Neural nets tend to be too computationally expensive for data with simple patterns; in such cases you should use a model like Logistic Regression or an SVM. As the pattern complexity increases, neural nets start to outperform other machine learning methods. At the highest levels of pattern complexity – high-resolution images for example – neural nets with a small number of layers will require a number of nodes that grows exponentially with the number of unique patterns. Even then, the net would likely take excessive time to train, or simply would fail to produce accurate results.

Have you ever had this problem in your own machine learning projects? Please comment.
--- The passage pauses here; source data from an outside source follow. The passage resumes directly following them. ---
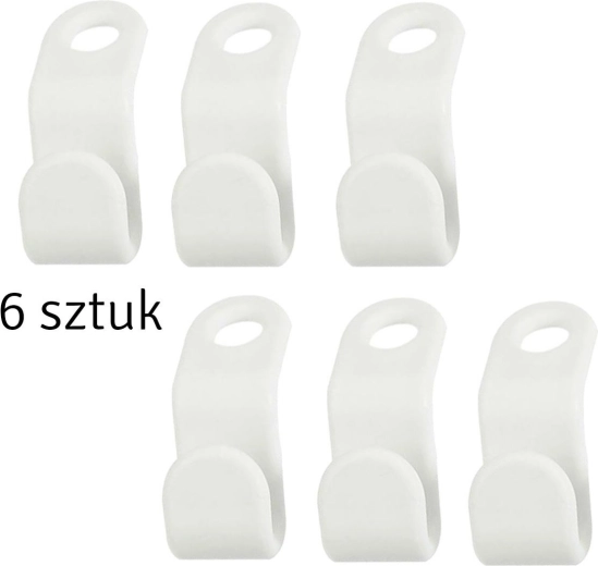 Sæt med 6 robuste ophængsorganisatorer. Gør det muligt at hænge endnu et par tøjstykker eller bøjler på en anden bøjle. De kan hænges lodret, den ene under den anden. En ideel måde at spare plads i et trangt klædeskab. Fremstillet af holdbar plast for lang og problemfri brug.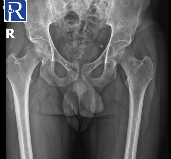Demographic and clinical details: 33-years-old male, admitted with left hip pain starting 3 weeks ago.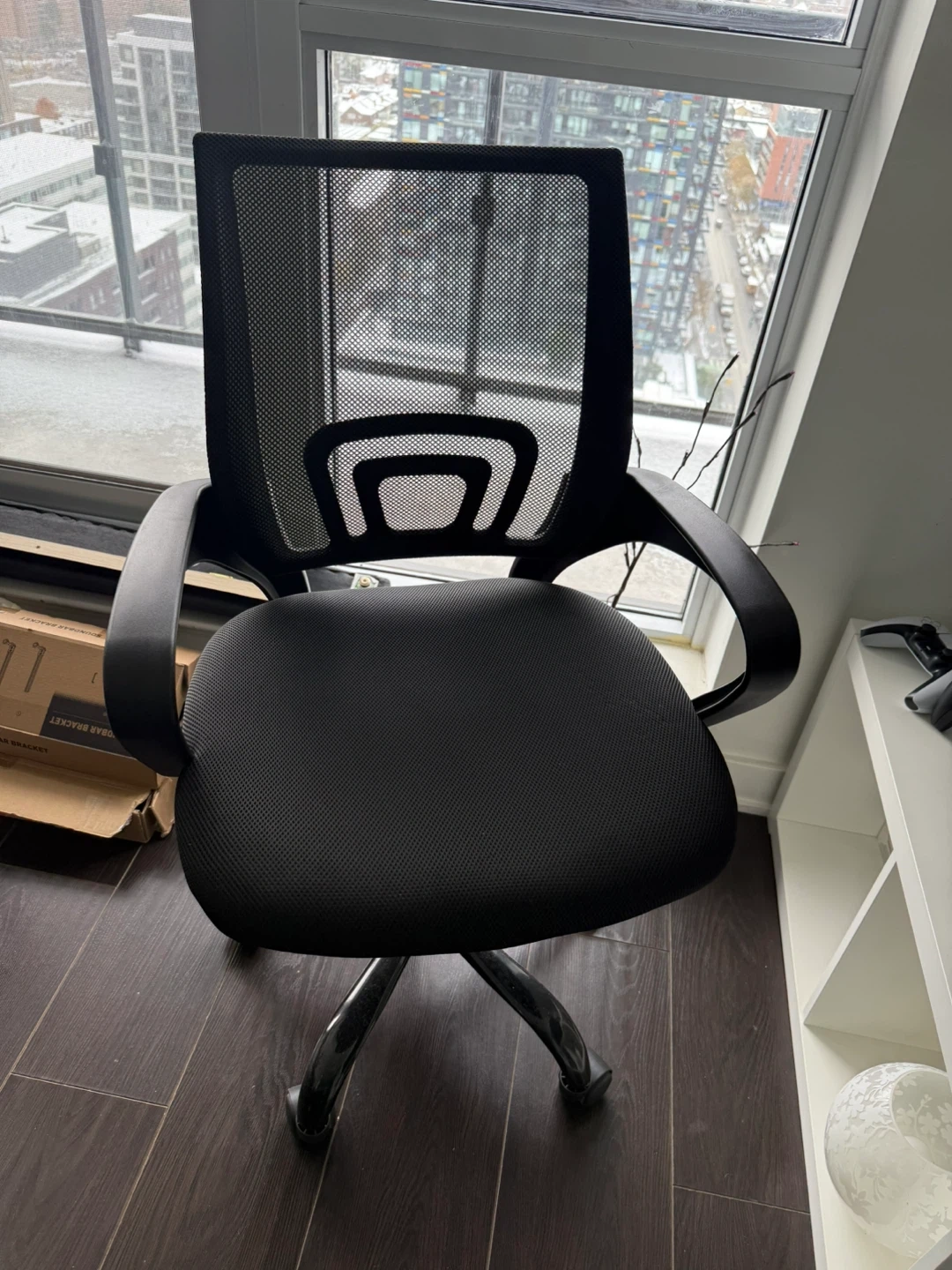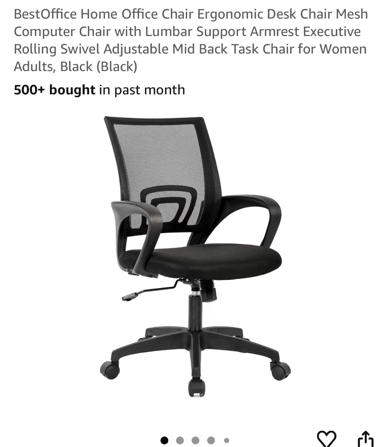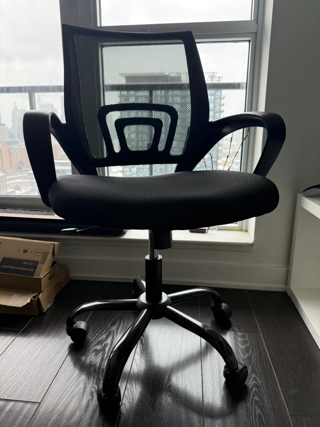 Selling a BestOffice ergonomic desk chair in black. It's in great shape and ready for a new workspace! The chair features a mesh back for breathability and lumbar support for extra comfort during long work sessions. Dimensions are shown in the picture.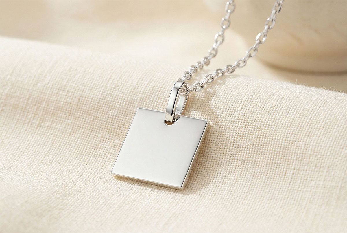 Kwadratowy medalik do wygrawerowania - Białe złoto 375

As a result, deep nets are essentially the only practical choice for highly complex patterns such as the human face. The reason is that different parts of the net can detect simpler patterns and then combine them together to detect a more complex pattern. For example, a convolutional net can detect simple features like edges, which can be combined to form facial features like the nose and eyes, which are then combined to form a face (Credit: Andrew Ng). Deep nets can do this accurately – in fact, a deep net from Google beat a human for the first time at pattern recognition.

However, the strength of deep nets is coupled with an important cost – computational power. The resources required to effectively train a deep net were prohibitive in the early years of neural networks. However, thanks to advances in high-performance GPUs of the last decade, this is no longer an issue. Complex nets that once would have taken months to train, now only take days.